The decision is a part of efforts to secure a new growth engine, the company said, citing the last-mile logistics technology Mesh Korea has developed.
Hyundai plans to apply its autonomous and connected car technologies to Mesh Korea’s delivery vehicles, with an aim to develop unmanned delivery services in the future. Last-mile technology refers to a logistics system that searches for the fastest way to deliver products in the final step of the delivery process, typically from a distribution center to the end user. Hyundai Motor Group’s logistics arm Glovis will also participate in smart logistics solution development with Mesh Korea, the company added.

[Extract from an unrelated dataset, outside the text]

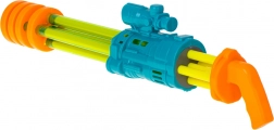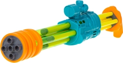 Privlačne barve kot so modra, zelena in oranžna skupaj z dizajnom mini topa pritegnejo pozornost otroka in mu dajo občutek junaštva med igro.
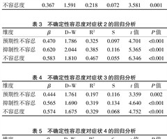 [摘要] 目的 探讨不确定性容忍度与强迫症及其症状维度的关系和预测性。 方法 以问卷形式调查2018年5月至2020年12月在浙江省立同德医院确诊的强迫症患者48例,以不确定性容忍度(IU)、多维强迫症(DOCS)和耶鲁-布朗强迫症自测量表...

Established in 2013, Mesh Korea provides an algorithm-based last-mile delivery service. The algorithm named Vroong Engine is designed for high logistics efficiency for clients by applying mathematics to the cost and risks of delivery services. It has more than 13,000 motorcycle drivers for the delivery service, targeting the growing mobile commerce market.
Separately, the Korean carmaker has invested in a Chinese last-mile logistics startup, Inmotor. The size of the investment was not disclosed. Inmotor is a sharing platform of batteries used for delivery vehicles. The startup’s role is to maximize efficiency by analyzing data in real time, such as deliverymen’s anticipated driving routes, battery capacity and availability of charging stations nearby.
Batteries function as a network to inform drivers of the nearest location of charging stations via smartphones. The Chinese company has around 500 battery charging stations in 16 major cities. The service is provided on a regular payment basis, the company said.
The investment came amid the growing food delivery market here. Last-mile logistics in Korea is expected to grow from 15 trillion won this year to 20 trillion won next year.